Monday, April 23, 2007


LAFD probes alleged hazing

LOS ANGELES — The Los Angeles City Fire Department is investigating allegations that a young African American firefighter found his locker at a North Hollywood station vandalized in a racist manner in recent days.
Although top officials with the city's fire and police departments would not disclose the nature of the incident at Fire Station 89 because of the internal investigation, others familiar with the probe said the rookie firefighter opened his locker to find a banana and his clothing -- including his uniform -- covered with a white lotion or foam.
To date, the sources said, one firefighter has acknowledged being involved in the incident, although no one has been disciplined pending the outcome of the investigation.

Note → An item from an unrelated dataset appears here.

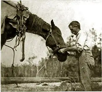As he led the first horse to the old corduroy bridge, I turned my camera upon it. It took some time to satisfy the two horses, but the improvised pail proved entirely satisfactory. D. Lange.

"The Fire Department has zero tolerance for any kind of behavior that involves hazing, racial discrimination or mistreatment of people," Battalion Chief Kwame Cooper said late Friday. "So we are actively and aggressively investigating this incident to determine the details of what happened. We are taking it very seriously and will take appropriate action when our investigation is complete."
Matt Szabo, press secretary for Mayor Antonio Villaraigosa, said the department's "swift and thorough" response was "evidence that the zero tolerance policy of the mayor and chief is taking effect and that the culture of the Fire Department is changing."
Word of the incident comes a week after a Los Angeles jury awarded $1.7 million to a former city firefighter who said he was the victim of retaliation for helping a black female firefighter who had accused the department of discrimination.
And in December, Fire Chief William Bamattre resigned in the wake of a number of discrimination allegations against the department. The highest-profile case involved a lawsuit by Tennie Pierce, a black firefighter who alleged he was fed dog food in 2004 by fellow firefighters at a station in Westchester. The City Council's $2.7-million settlement with Pierce was vetoed by Villaraigosa after photos surfaced of the firefighter himself engaging in pranks. His lawsuit is scheduled for trial in September.
In the latest incident, fire officials opened an administrative investigation after allegations of the hazing surfaced. As part of that investigation, the department contacted the LAPD's North Hollywood Division, which provided "technical assistance," including dusting the locker for fingerprints, according to LAPD Lt. Paul Vernon.
The firefighter who was allegedly targeted in the incident has been assigned to another station.
"I just cannot fathom this happening ... after all of the other [discrimination] lawsuits we have had," said veteran Fire Capt. Jerry Thomas, a vocal critic of the department who is retiring after 32 years. "Until people start getting terminated for these offenses, these types of conditions will continue."